*EXERCISE PROMPT*:
In your copy, leave out the pictures and output only the lines from the one holding "1882 Ad James" through the end of the data below, exactly.

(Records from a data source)
###

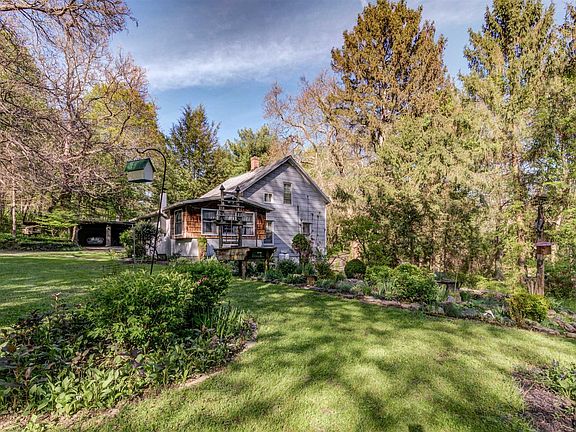 Moseying this property of gardens & wildlife made me nostalgic of childhood. Splashing in the spring fed pond, finding treasures, discovering & make believe..You will feel the magic as well, when you come to this home on 10 acres in Ulster County, NY, 90 miles from NYC- surrounded by endless nature -a creek, river, rail trail, trestle, & limestone caves. While the town is historic, the home is no exception on an old farm. The building behind used to home farm workers & still has antiques. A cistern holds rainwater from gutters & connects to a hand pump of a bygone time. The kitchen overlooks a garden, that transcends you to a peaceful mindset. The wood stove heats up the whole house. To complete the main floor is the dining room, bathroom & spacious living room with wide plank floors. Upstairs is the master, 2nd bedroom, nursery or closet & extra room. 10 min to up and coming Kingston, Saugerties & New Paltz. A perfect getaway as the Times just called this the new Hamptons of New York! Rosendale is a small population of about 6,000 -Nearby are orchards, farm stands
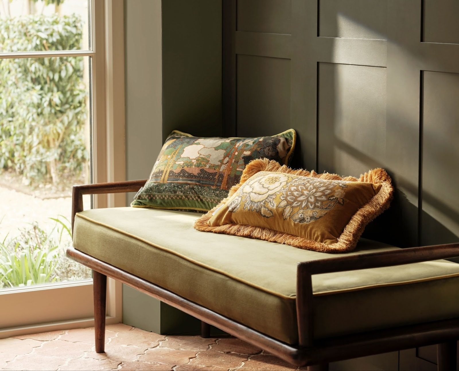 For this new season, Liberty launches a curated range of 21 new cushions across nine designs. Highlights include the archival classic, Prospect Road, reimagined at a smaller scale after its recent launch as the Prospect Mural in The House of Liberty wallpaper collection this January. The iconic Art Nouveau revival features subtly arranged clusters of trees in a dreamy, jewel-toned setting. Now available as a rectangular cushion in two colourways.
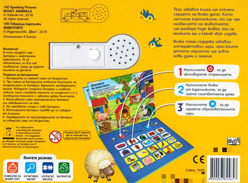 Тази забавна книга ще спечели сърцето на всяко дете. Като натисне картинките, то ще чуе названието на животното, ще разбере къде живее, кои са малките му и какъв звук издава.
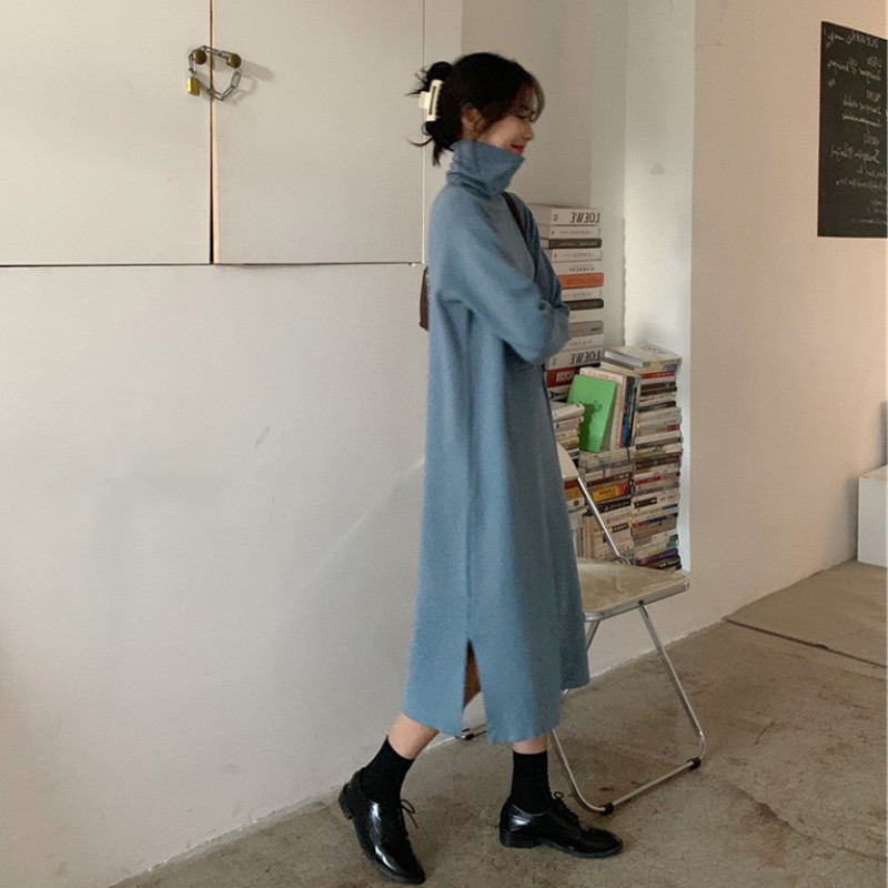 Gush thickened with high collar delsuede beating undershirt Women's autumn Winter 2021 New inner hitch Long version with a knee damp
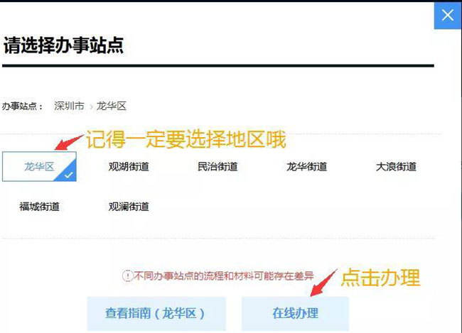 三、按指引选择办理地区,记住,办理情形一定要勾选“秒批”
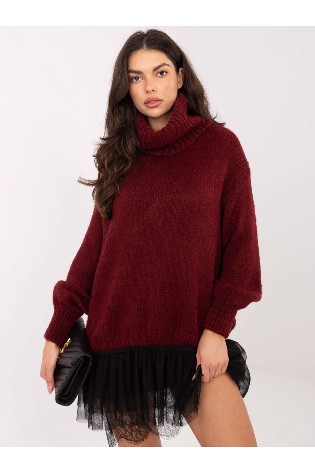 Wymiary swetra w rozmiarze one size: szerokość pod pachami - 64 cm, długość całkowita - 61 cm, długość rękawa - 57 cm (od szwu), szerokość w biodrach - 54 cm.
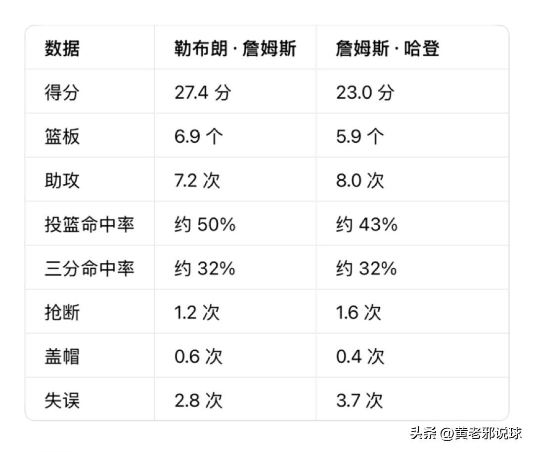 双詹对战数据对比,还有机会在骑士合兵一处吗?对比一下就知道了 截至 2026 年 4 月初,勒布朗·詹姆斯 vs 詹姆斯·哈登,常规赛交手完整数据对比: • 交手场次:37 场 • 总战绩:詹姆斯 20 胜 17 负 一、常规赛直接对位场均数据(生涯) 勒布朗·詹姆斯: • 得分:27.4 分 • 篮板:6.9 个 • 助攻:7.2 次 • 投篮命中率:50% 左右 • 三分命中率:32% 左右 • 抢断:1.2 次 • 盖帽:0.6 次 • 失误:2.8 次 詹姆斯·哈登: • 得分:23.0 分 • 篮板:5.9 个 • 助攻:8.0 次 • 投篮命中率:43% 左右 • 三分命中率:32% 左右 • 抢断:1.6 次 • 盖帽:0.4 次 • 失误:3.7 次 二、胜负与关键影响对比 1. 胜负走势 • 生涯:詹姆斯 20-17 领先 • 近年(近5年):基本持平(约 7-7) • 巅峰期(火箭詹 vs 骑士/热火詹):詹姆斯明显占优 2. 比赛影响力(常规赛直接对话) • 詹姆斯优势: ◦ 得分更高、效率更高(场均高约 4–5 分,命中率高 7%+) ◦ 篮板、防守更稳(盖帽、护框、篮板卡位更强) ◦ 关键时刻更稳、胜率更高(整体 20-17) ◦ 身体、错位、攻防两端统治力更强 • 哈登优势: ◦ 组织、传球略优(场均多 0.8 助攻) ◦ 造罚球、三分产量更多 ◦ 持球大核打法,球权占有率更高(30.9% vs 28.5%) 三、综合分析:谁对常规赛胜负影响更大? 结论:勒布朗·詹姆斯在直接对话中,对比赛胜负的贡献与影响力更大。 理由: 1. 战绩直接胜出:20-17,长期占优。 2. 效率与产量更稳:得分高、命中率高,更高效地主导得分。 3. 攻防更全面:防守端(篮板、盖帽、抢断)明显更强,能从多维度影响比赛。 4. 错位与体型压制:6'9" 前锋 vs 6'4" 后卫,詹姆斯在体型、力量、转换进攻上占优。 5. 失误控制更好:场均少 0.9 次失误。 哈登定位: • 顶级持球大核、得分+组织双修,但防守偏弱、效率偏低、失误偏多。 • 更依赖三分与罚球,面对詹姆斯的体型与防守时,命中率会下滑。 简单说: 常规赛直接对位,詹姆斯是“更全能、更高效、更能赢”的一方;哈登是“更偏组织与外线进攻”的一方,但整体影响力稍逊。 所以,二位詹姆斯现在都是持球大核,很难兼容对方的打法,都需要大量球权,应该很难在骑士合兵一处了,因为如果大詹来了,小詹第二年肯定要有,同理,小詹已经在骑士了,大詹就不会再来了!湖人队记詹姆斯 哈登篮球哲学
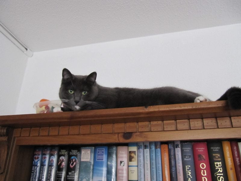 Ik kan het me namelijk zo goed voorstellen. Zit je lekker in het zonnetje want achter het glas is het heerlijk. Moeten de kinderen er ook weer bij. Heb je een slaapplek boven op de boekenkast gevonden. Het is een goed strategisch plekje. Je kan alles in de gaten houden en je wordt niet opgemerkt. Weet 1 van de kinderen je weer te vinden en komt dan "gezellig" naast je liggen, zucht. Je vind ze lief hoor en je blijft toch bezorgt om die twee want als er een noodkreet komt dan ben je er als eerste bij, maar laat mij nou even.
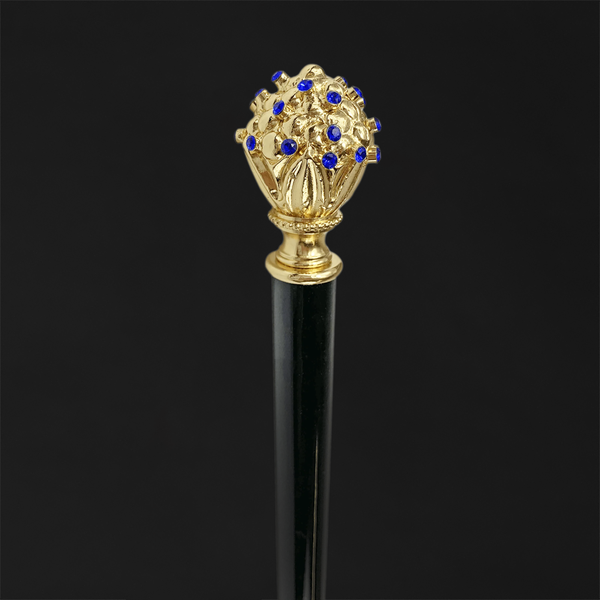 At its forefront, this walking cane features a beautifully designed knob adorned with majestic blue crystals. The deep blue crystals, expertly cut to reflect light brilliantly, add a touch of opulence and allure, making this cane a standout piece that captures attention and admiration.
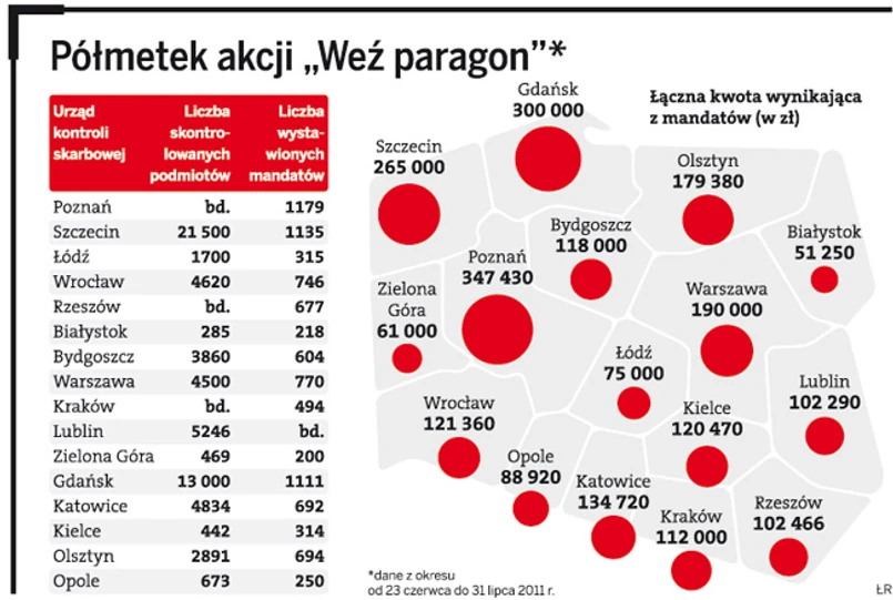 urzędnicy znaleźli błędy, za które wystawiali mandaty. Przykładowo w woj. zachodniopomorskim sprawdzili ok. 21,5 tys. przedsiębiorców. Nieprawidłowości stwierdzili u prawie 867 z nich. W woj. łódzkim na 1,7 tys. kontroli nieprawidłowości były u ponad 300 podatników. W woj. śląskim kontrolowane były 4834 punkty. W 445 wykryto błędy.
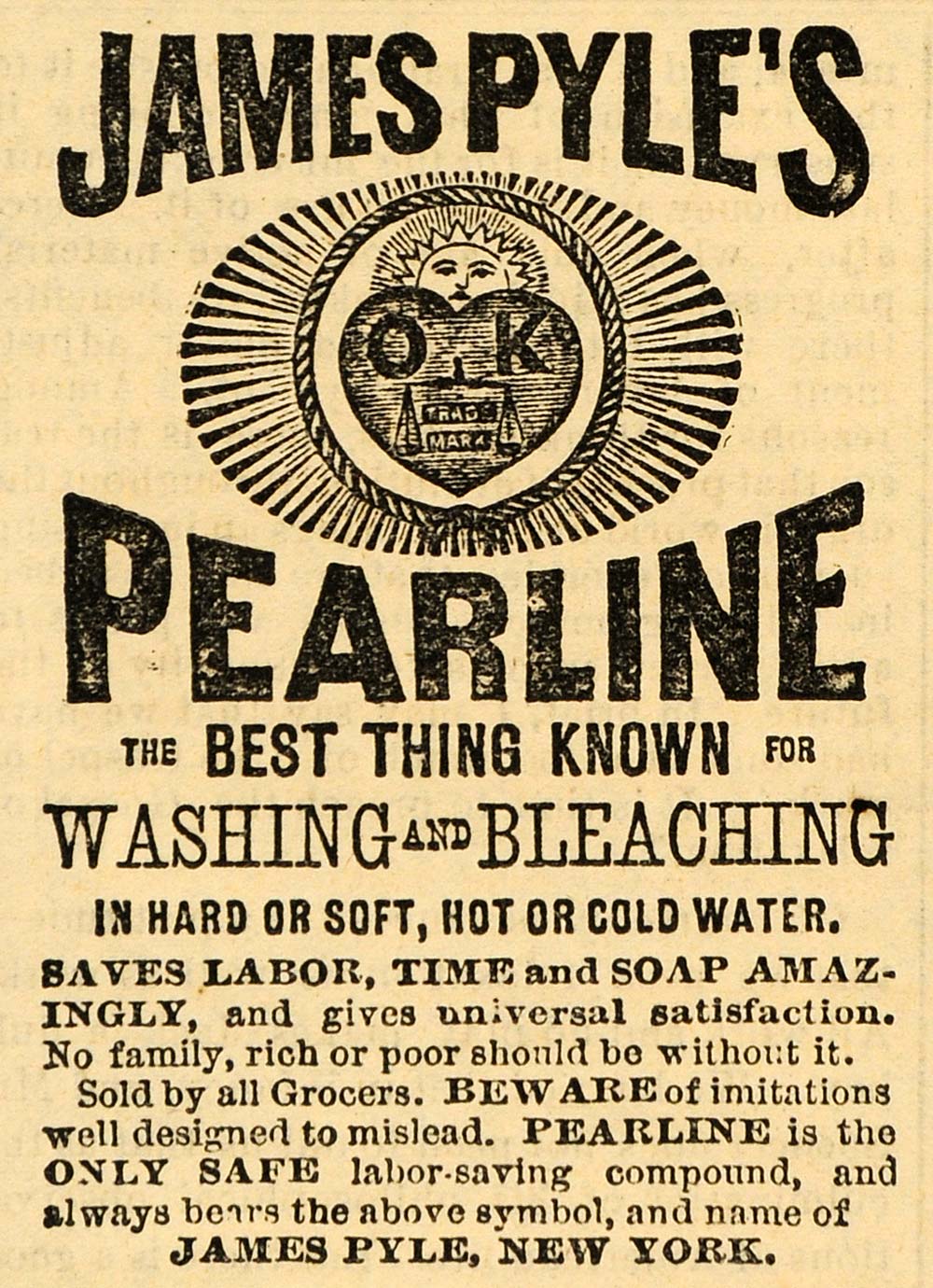 1882 Ad James Pyle's Pearline Soap Washing Detergent - ORIGINAL ADVERTISING TIN6
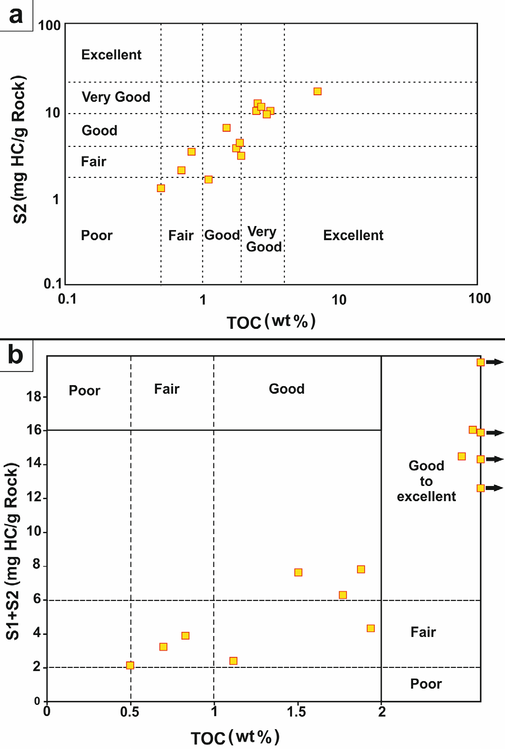 The amount of total organic carbon (TOC) of about 79% of the studied samples of the Pabdeh Formation in the present study (Northern Dezful Embayment) is above 1% (mean 2.24%). This TOC amount is similar to source rocks with medium to very good hydrocarbon potential (Peters, 1986; Peters and Cassa, 1994; Demirel, 2014; Hatampour et al., 2014). Alizadeh et al. (2012) showed that the average of TOC in the Pabdeh Formation samples of southern Dezful embayment was 1.62%, which indicates higher TOC in the northern fields. High TOC values and low S1 content in the studied samples indicate that the hydrocarbons are autochthonous (Figure 3) and also indicate the absence of contamination for the studied samples (Hunt, 1996). Given that obtaining accurate hydrocarbon potential based on TOC data alone is not very reliable, S1 and S2 values obtained from Rock-Eval pyrolysis are used to confirm the hydrocarbon potential interpretation (Peters and Cassa, 1994). According to RockEval pyrolysis results (Table 1), S1 and S2 values confirm that the Pabdeh Formation has hydrocarbon potential ranging from poor to very good. The TOC versus S2 diagram (Peters and Cassa, 1994) shows moderate to very good hydrocarbon potential for the analyzed samples (Figure 4a). The genetic potential of the studied samples (S1 + S2) varies from 1.96 to 21.72 mg HC/g rock. At the same time, the S1+S2 versus TOC diagram also confirms the medium to excellent hydrocarbon potential for the analyzed samples of the North Dezful oil fields (Figure 4b).

###

*SOLUTION*:
 1882 Ad James Pyle's Pearline Soap Washing Detergent - ORIGINAL ADVERTISING TIN6
 The amount of total organic carbon (TOC) of about 79% of the studied samples of the Pabdeh Formation in the present study (Northern Dezful Embayment) is above 1% (mean 2.24%). This TOC amount is similar to source rocks with medium to very good hydrocarbon potential (Peters, 1986; Peters and Cassa, 1994; Demirel, 2014; Hatampour et al., 2014). Alizadeh et al. (2012) showed that the average of TOC in the Pabdeh Formation samples of southern Dezful embayment was 1.62%, which indicates higher TOC in the northern fields. High TOC values and low S1 content in the studied samples indicate that the hydrocarbons are autochthonous (Figure 3) and also indicate the absence of contamination for the studied samples (Hunt, 1996). Given that obtaining accurate hydrocarbon potential based on TOC data alone is not very reliable, S1 and S2 values obtained from Rock-Eval pyrolysis are used to confirm the hydrocarbon potential interpretation (Peters and Cassa, 1994). According to RockEval pyrolysis results (Table 1), S1 and S2 values confirm that the Pabdeh Formation has hydrocarbon potential ranging from poor to very good. The TOC versus S2 diagram (Peters and Cassa, 1994) shows moderate to very good hydrocarbon potential for the analyzed samples (Figure 4a). The genetic potential of the studied samples (S1 + S2) varies from 1.96 to 21.72 mg HC/g rock. At the same time, the S1+S2 versus TOC diagram also confirms the medium to excellent hydrocarbon potential for the analyzed samples of the North Dezful oil fields (Figure 4b).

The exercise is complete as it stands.